I say she is. Is she yours? did you parents say yes? if so, is she allowed in the house?


----------



## GSDLover2000 (Jul 9, 2013)

KZoppa said:


> I say she is. Is she yours? did you parents say yes? if so, is she allowed in the house?


No, but she is a possibility. My dad is fine with it, he is helping me out with my mom. So, if she says yes (she hasn't said no), this girl may be the one
Wish me luck!


----------



## JakodaCD OA (May 14, 2000)

looks pure to me


----------



## marbury (Apr 3, 2012)

I see husky in the dish of the face and the set of the ears, but that doesn't make her anything less than beautiful! (Hopeful) congratulations!!


----------



## Carriesue (Aug 13, 2012)

marbury said:


> I see husky in the dish of the face and the set of the ears, but that doesn't make her anything less than beautiful! (Hopeful) congratulations!!
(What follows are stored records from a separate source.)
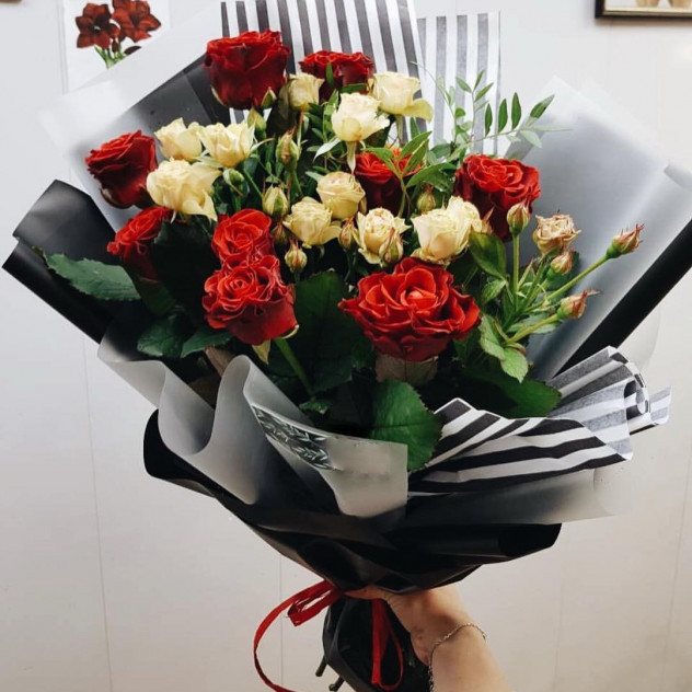 Упаковка для букета: крафт-бумага 2шт., Фисташка 5шт., Роза красная 60 см 9шт., Роза кустовая 5шт.
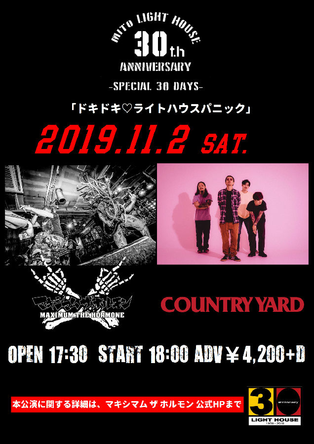 11月2日(土)に茨城県 mito LIGHT HOUSE にて開催される“MITO LIGHT HOUSE 30TH A NNIVERSARY-SPECIAL 30 DAYS-「ドキドキ❤ライトハウスパニック」”へ、ホルモンの出演が決定しました!
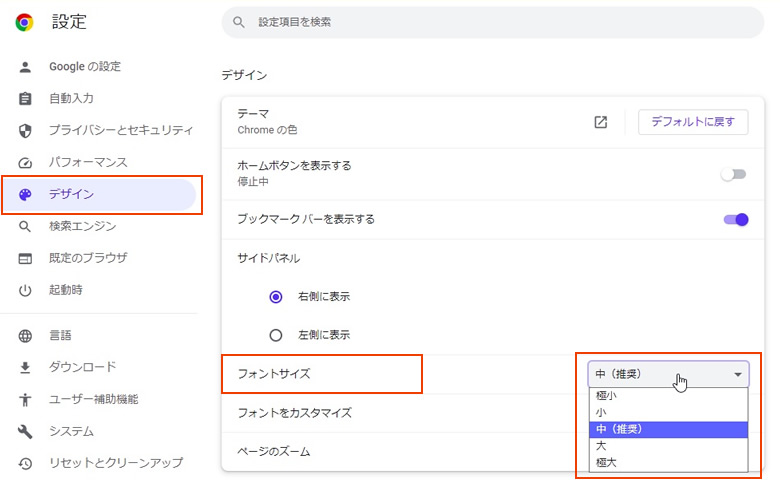 たとえば Chrome では「設定 → デザイン → フォントサイズ」から文字サイズを変更できます。
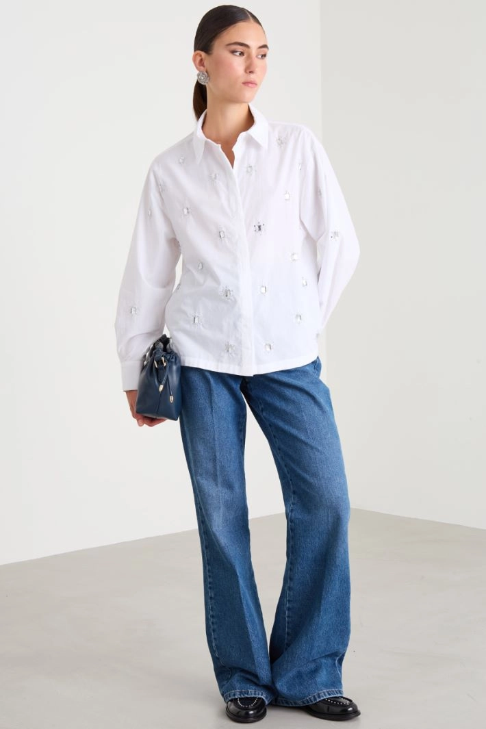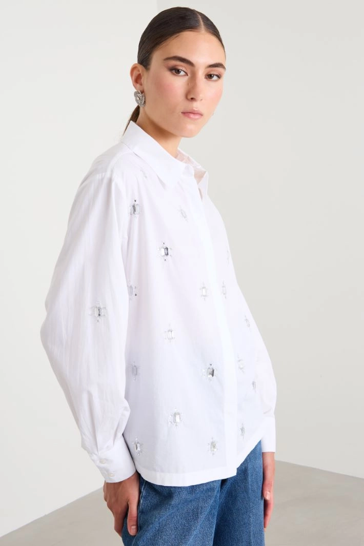 Straight-cut shirt in cotton poplin with rhinestones applied on the front, classic collar, long sleeves with cuff and buttons. Fastening with hidden buttons.
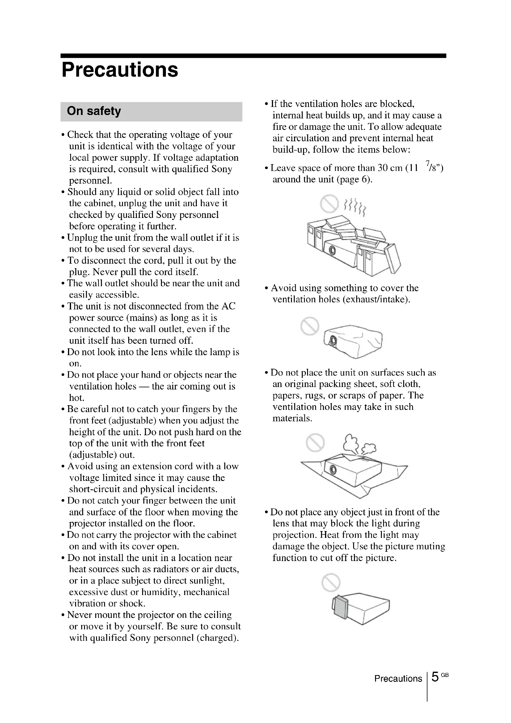 - Do not place any object just in front of the lens that may block the light during projection. Heat from the light may damage the object. Use the picture muting function to cut off the picture. On safetyGB 6 Precautions
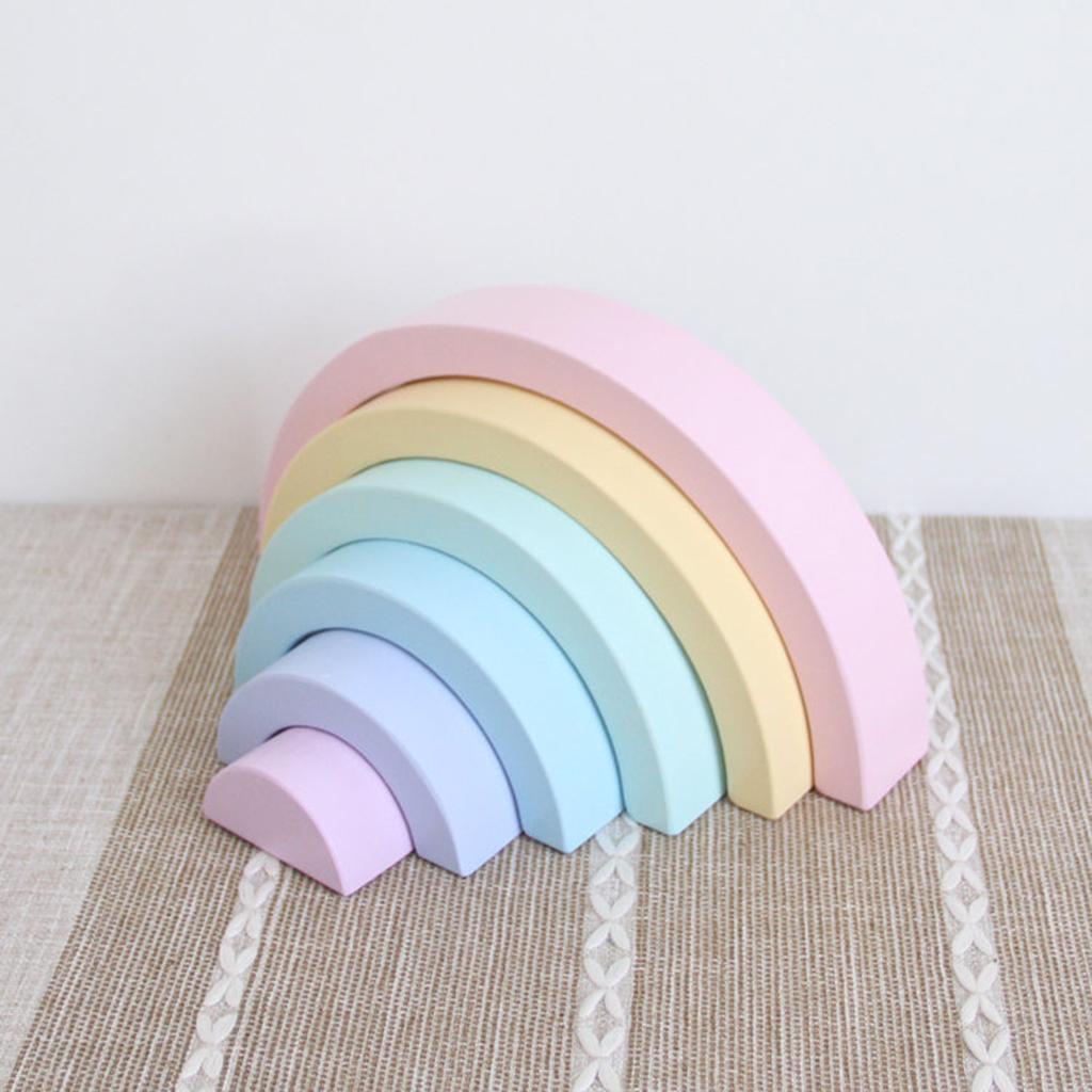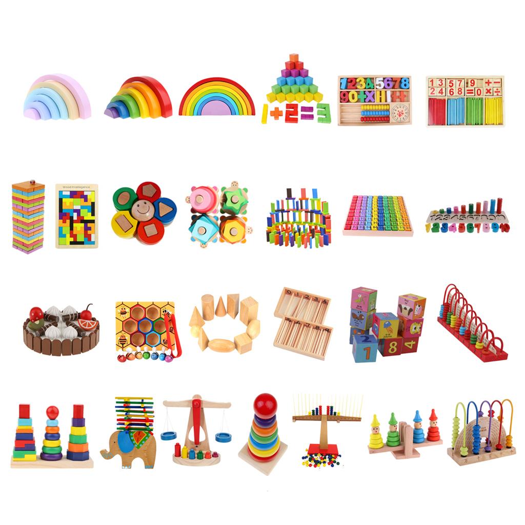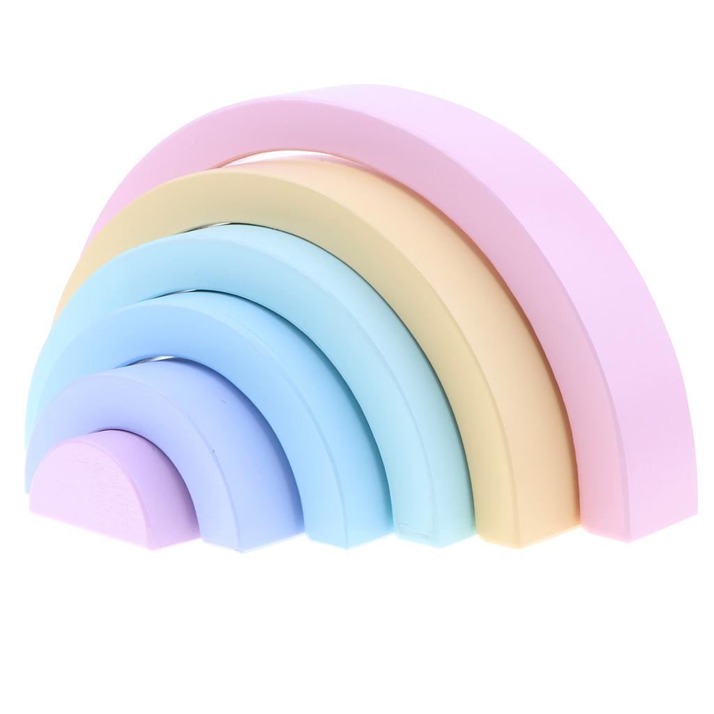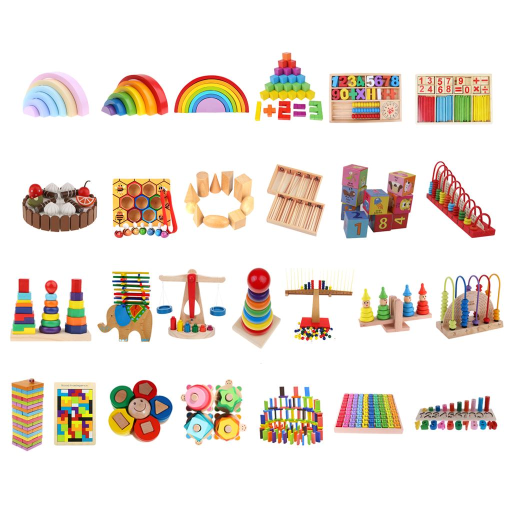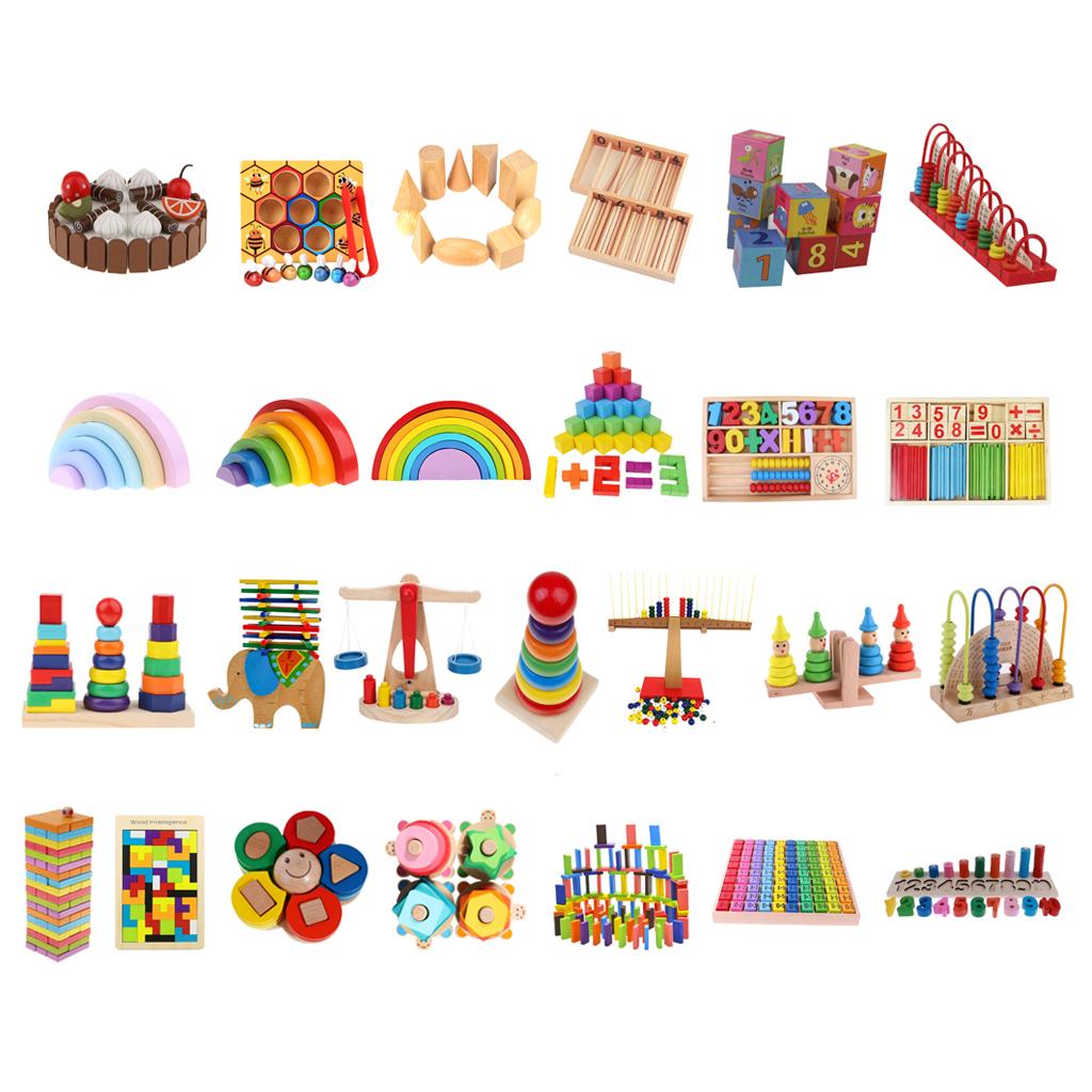 Montessori Wooden 6 Colors Stacking Game Blocks Kids Children Toy Set
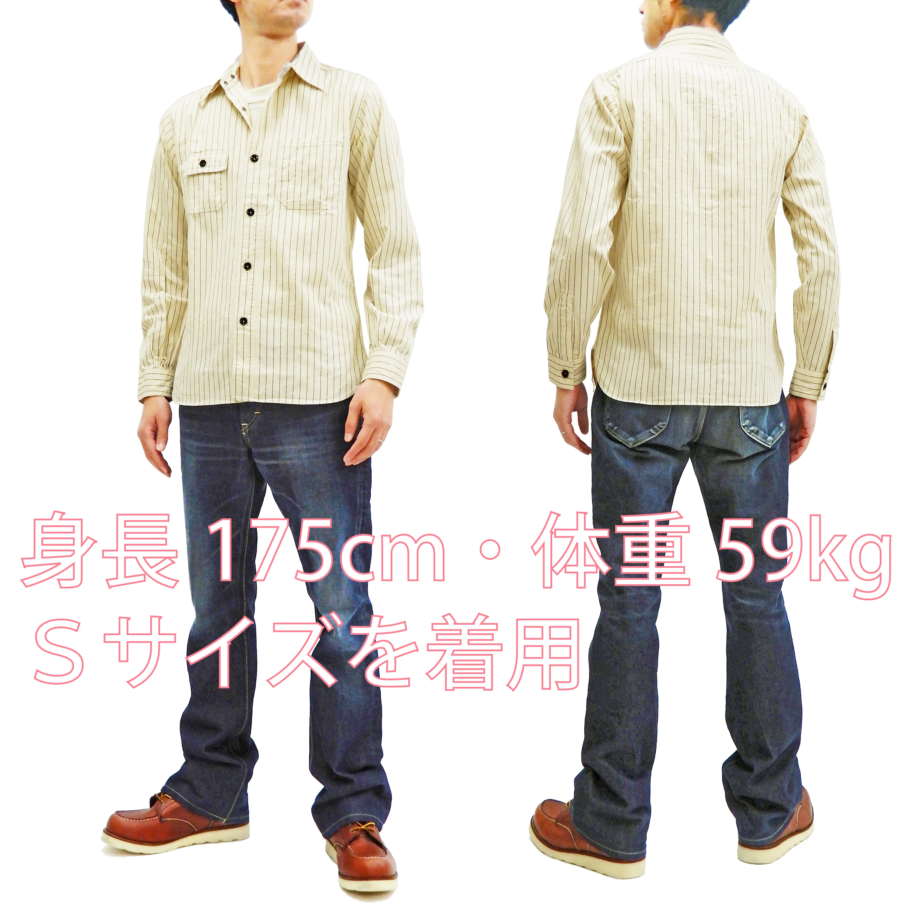 Model name: SC27076 Sugar Cane Fiction Romance Collection by Toyo Enterprises Men's Casual Fashion Modern Fit Striped Shirt with Classical and Fashionable Forms of Work Clothing / Mens Vintage Style Ecru Colour Wabash Stripe Work Shirt for Urban Style / Long Sleeve Shirt for Men.
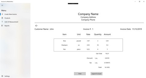 Invoicer helps you create invoices for your customers. It is very easy to use application and helps you export your invoice in excel or pdf.
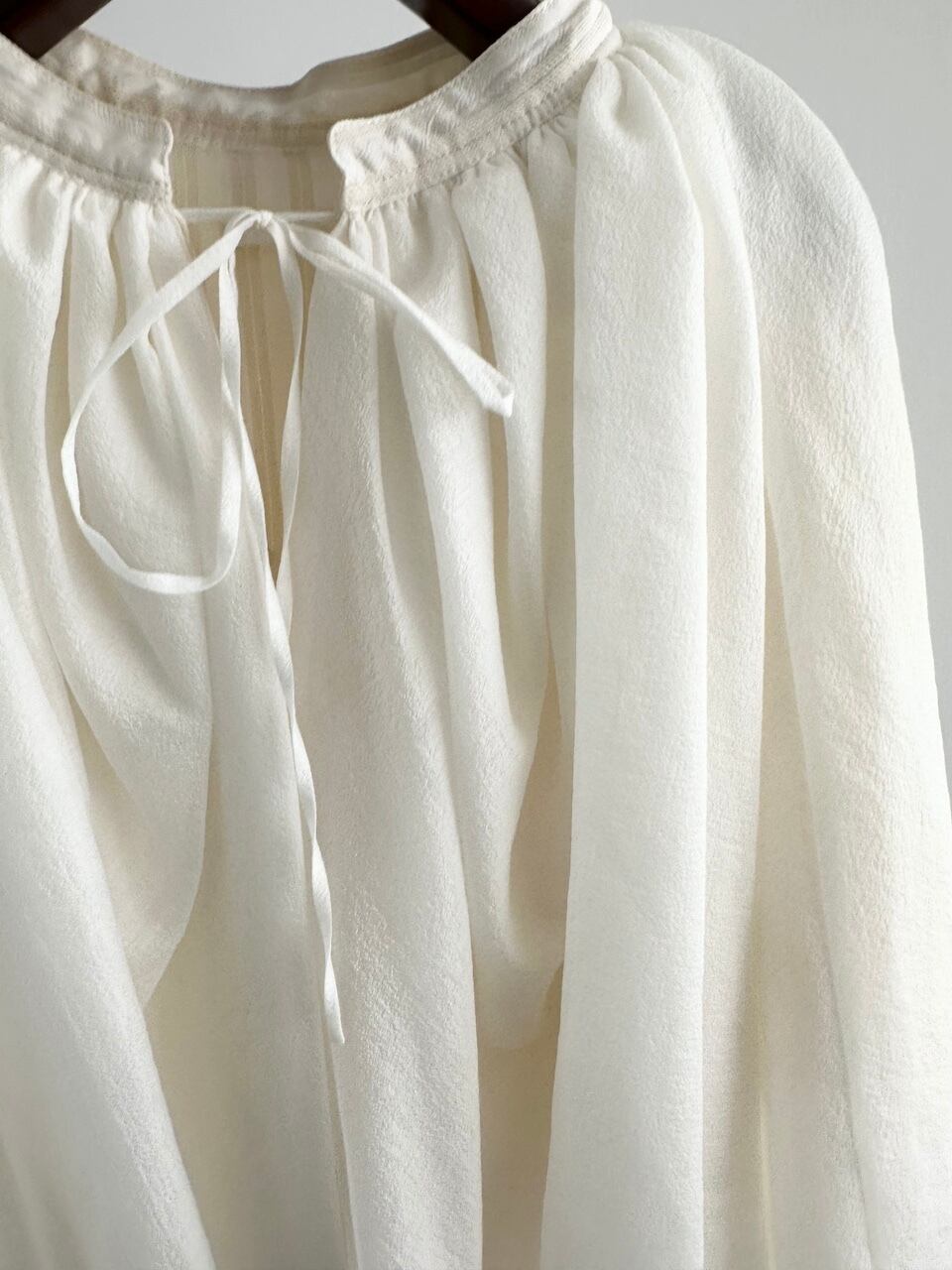 ネックラインは細いリボンで軽やかに結ぶ仕様。
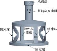 整体式弹性体结构是由整块材料经去除材料加工而成的,该类弹性体具有综合性能高、无需装配及无摩擦间隙等优点[16]。蚌埠学院罗少轩等[17]设计了用于高速旋转设备的磁耦合旋转复合力传感器,如图4 所示,在扭转应变区安装应变片,形成惠斯通电桥用于扭矩测量;在拉应变区安装应变片,形成惠斯通电桥用于拉力测量。该传感器能够准确检测设备高速旋转时末端执行器的扭转和拉力,传感器综合测量精度≤0.5%F.S。重庆大学唐亮等[18]研制了一种高拉扭载荷比复合式传感器,如图5所示,该传感器具有拉扭耦合小、重复性好等优点。中航电测仪器股份有限公司石荣武等[19]研制出一种用于纵横向操纵力测量的轴扭二分力传感器,经过测试,直线度为0.29% F·S,交叉干扰为1.92% F·S,准确度为1.92% F·S。表明该传感器能够测量驾驶员操纵力,以便指导驾驶员调节纵横向操纵力。
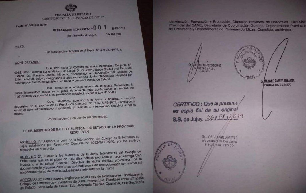 Ahora, a través de una resolución firmada por el Fiscal de Estado Mariano Miranda y el ministro de Salud Gustavo Bouhid se deja sin efecto la intervención que caía sobre el Colegio de Enfermeros de la provincia.
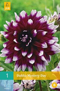 - De Dahlia Mystery day heeft een zeer mooie grote bloem, met rood- paarse bladeren met op het eind witte puntjes. Deze dahlia kan maar liefst 80 cm worden.
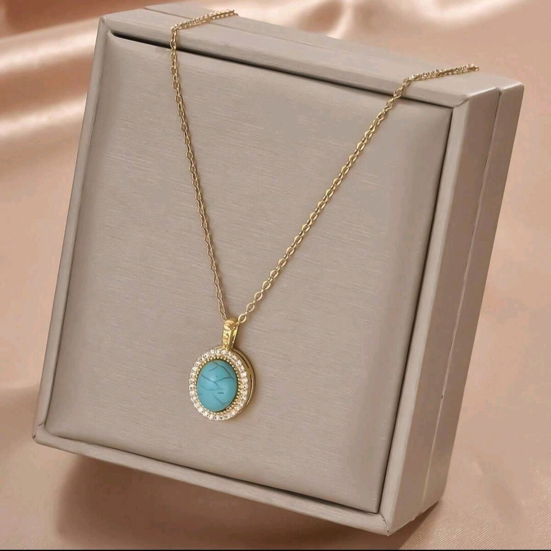 A675 ネックレス レディース ターコイズ トルコ石 ゴールド k18 18金 ステンレス 金属アレルギー ハワイアンジュエリー プレゼント
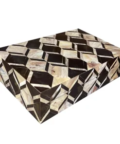Das edle hochwertige handgefertigte stilvolle längliche Box mit einem sehr hübschen braun beige schwarz Muster aus Hornstücken sorgt für glanzvolle Akzente in Ihrer Einrichtung. Eine wunderschöne Box für staubfreie Aufbewahrung von wichtigen Utensilien. Die Box bietet Platz für kreative Ideen wie z.B. als Ablage für Ihren Schmuck und Bad-Utensilien im Badezimmer oder auf der Konsole für Schlüssel.

I also immediately thought husky mix when I looked at the second pic... Her eyes look kind of husky too. Either way she is a beautiful girl!


----------



## frillint1 (Sep 2, 2010)

I to agree with husky in there. I to have a husky/shepherd mix he is smart as a whip and almost 20 years old I might add and no that's not a typo. I have had him since I was very young.


----------



## Apple (Jun 21, 2013)

Husky/Shep mixes are amazing! I've had my boy since he was 6 months old. He's 10 in November and still rock solid!  hopeful congrats to you!  


Sent from Petguide.com Free App


----------



## GSDLover2000 (Jul 9, 2013)

Thank you all for the support! Now that you mention there may be some husky in her, but either way like you said she is a beauty. Lets hope!!!


----------